Below are lines of records; copy exactly those from the one containing "Oben: Zeitlos –" through the one containing "Чтобы уравновесить стороны", leaving the pictures behind.

◆ **Given data**
● ● ● ● ● ● ●
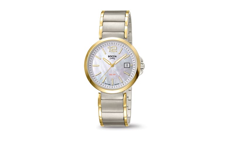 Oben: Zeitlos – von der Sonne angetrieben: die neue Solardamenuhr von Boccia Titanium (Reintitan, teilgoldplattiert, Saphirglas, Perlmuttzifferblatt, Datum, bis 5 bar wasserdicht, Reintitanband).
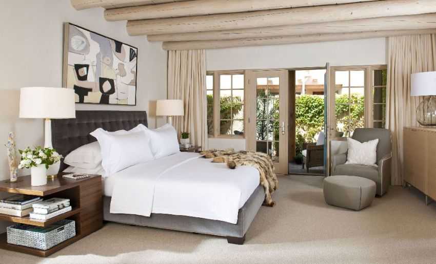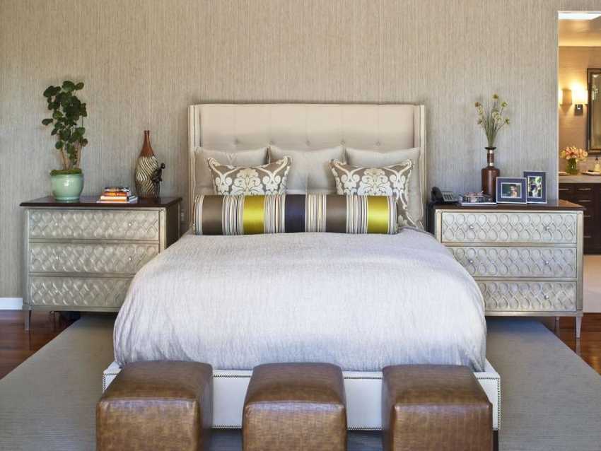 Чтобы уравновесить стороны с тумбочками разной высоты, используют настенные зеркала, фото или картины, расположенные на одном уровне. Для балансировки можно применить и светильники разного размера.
● ● ● ● ● ● ●
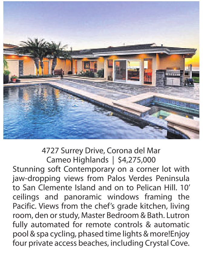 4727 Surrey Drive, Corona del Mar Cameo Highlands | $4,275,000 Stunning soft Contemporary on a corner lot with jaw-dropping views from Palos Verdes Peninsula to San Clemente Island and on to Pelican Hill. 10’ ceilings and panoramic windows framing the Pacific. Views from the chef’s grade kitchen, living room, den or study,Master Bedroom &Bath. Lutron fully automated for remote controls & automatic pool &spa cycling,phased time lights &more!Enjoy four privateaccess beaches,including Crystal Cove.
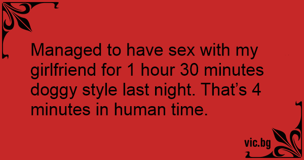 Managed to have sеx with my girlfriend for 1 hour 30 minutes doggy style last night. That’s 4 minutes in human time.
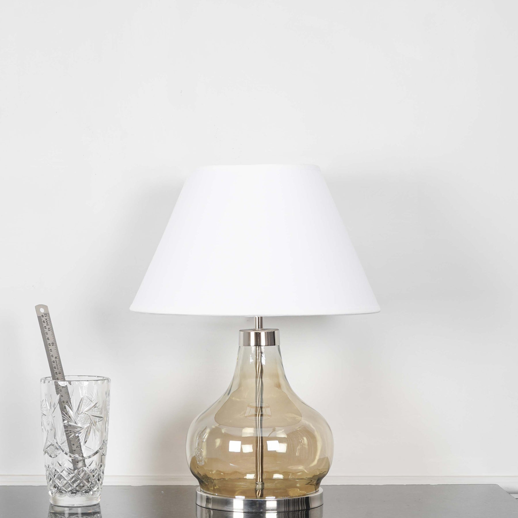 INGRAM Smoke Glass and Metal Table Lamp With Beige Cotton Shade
● ● ● ● ● ● ●
◆ **Result of this task**
 Oben: Zeitlos – von der Sonne angetrieben: die neue Solardamenuhr von Boccia Titanium (Reintitan, teilgoldplattiert, Saphirglas, Perlmuttzifferblatt, Datum, bis 5 bar wasserdicht, Reintitanband).
 Чтобы уравновесить стороны с тумбочками разной высоты, используют настенные зеркала, фото или картины, расположенные на одном уровне. Для балансировки можно применить и светильники разного размера.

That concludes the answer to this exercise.